Pandas DataFrame Schema Enforcer
Validates and transforms Pandas DataFrames using Pandera schema definitions with column-level dtype, nullable, and custom check constraints. Auto-generates Pandera schema code from sample DataFrames.
Validates and transforms Pandas DataFrames using Pandera schema definitions with column-level dtype, nullable, and custom check constraints. Auto-generates Pandera schema code from sample DataFrames.
npx skills add agentskillexchange/skills --skill pandas-dataframe-schema-enforcer
Pandas DataFrame Schema Enforcer is built around Pandas tabular data analysis library. The underlying ecosystem is represented by pandas-dev/pandas (48,224+ GitHub stars). It gives an agent a more technical and reliable way to work with the tool than a thin one-line wrapper, using stable interfaces like DataFrame transforms, dtype handling, joins, validation, I/O connectors and preserving the operational context that matters for real tasks.
In practice, the skill gives an agent a stable interface to pandas so it can inspect state, run the right operation, and produce a result that fits into a larger engineering or operations pipeline. The original use case is clear: Validates and transforms Pandas DataFrames using Pandera schema definitions with column-level dtype, nullable, and custom check constraints. Auto-generates Pandera schema code from sample DataFrames. The implementation typically relies on DataFrame transforms, dtype handling, joins, validation, I/O connectors, with configuration passed through environment variables, connection strings, service tokens, or workspace config depending on the upstream platform.

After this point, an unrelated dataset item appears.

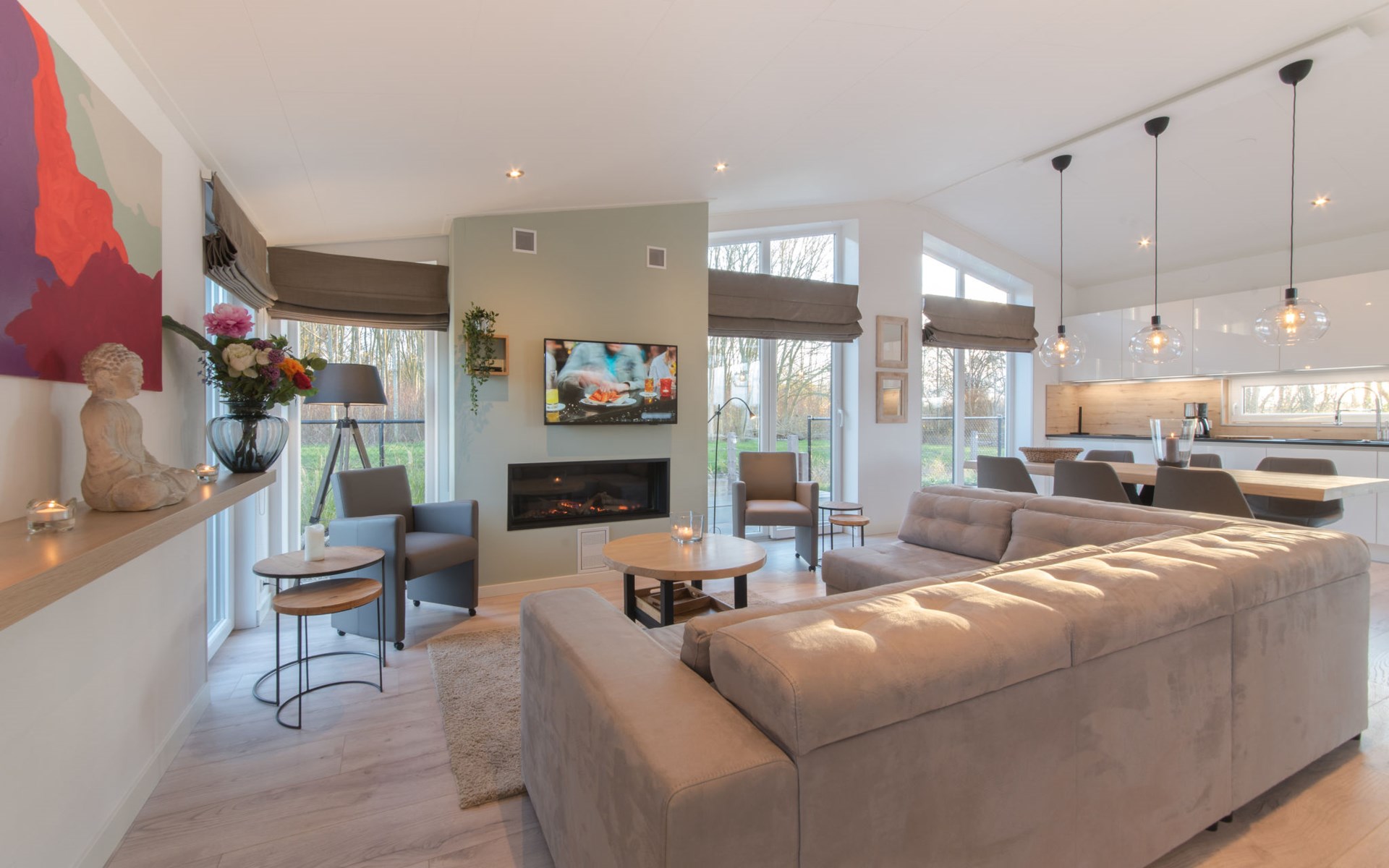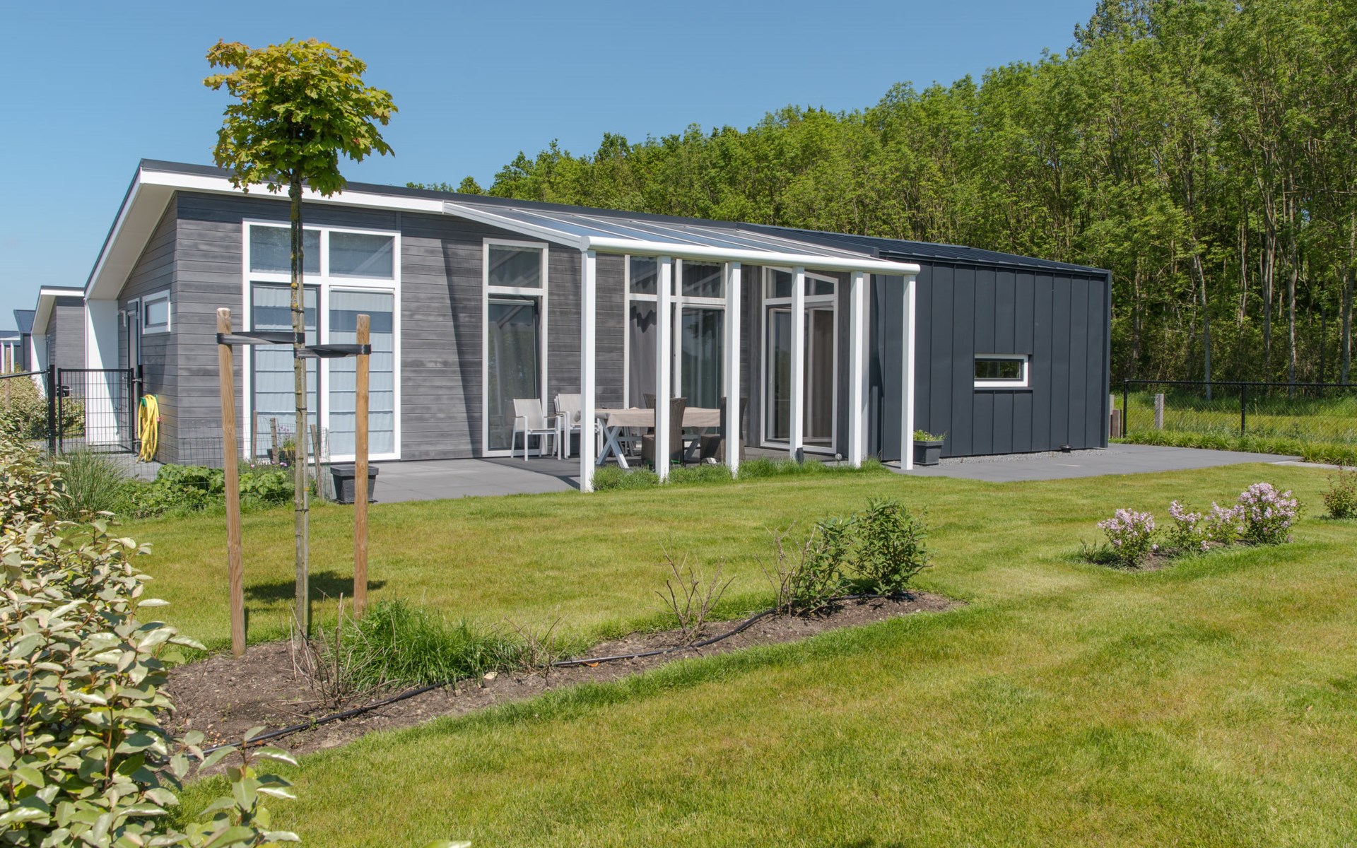 Dit rookvrije vakantiehuis beschikt over een lichte woon-/eetkamer met flatscreen TV en een gashaard voor de koudere maanden. De open keuken is volledig uitgerust met onder andere een inductiekookplaat, vaatwasser en magnetron. Met twee slaapkamers, elk voorzien van twee bedden, is dit de perfecte bungalow voor 4 personen in Wemeldinge. Vanuit de woonkamer stapt u zo het terras op van de grote tuin met uitzicht op het bos.

- Accesses DataFrame transforms, dtype handling, joins, validation, I/O connectors instead of scraping a UI, which makes runs easier to audit and retry.
- Supports structured inputs and outputs so another tool, agent, or CI step can consume the result.
- Can be wired into cron jobs, webhook handlers, MCP transports, or local CLI workflows depending on the skill format.
- Fits into broader integration points such as data cleanup, schema enforcement, and notebook/ETL workflows.
Key integration points include data cleanup, schema enforcement, and notebook/ETL workflows. In a real environment that usually means passing credentials through env vars or app config, respecting rate limits and permission scopes, and returning structured artifacts that can be attached to tickets, pull requests, dashboards, or follow-up automations.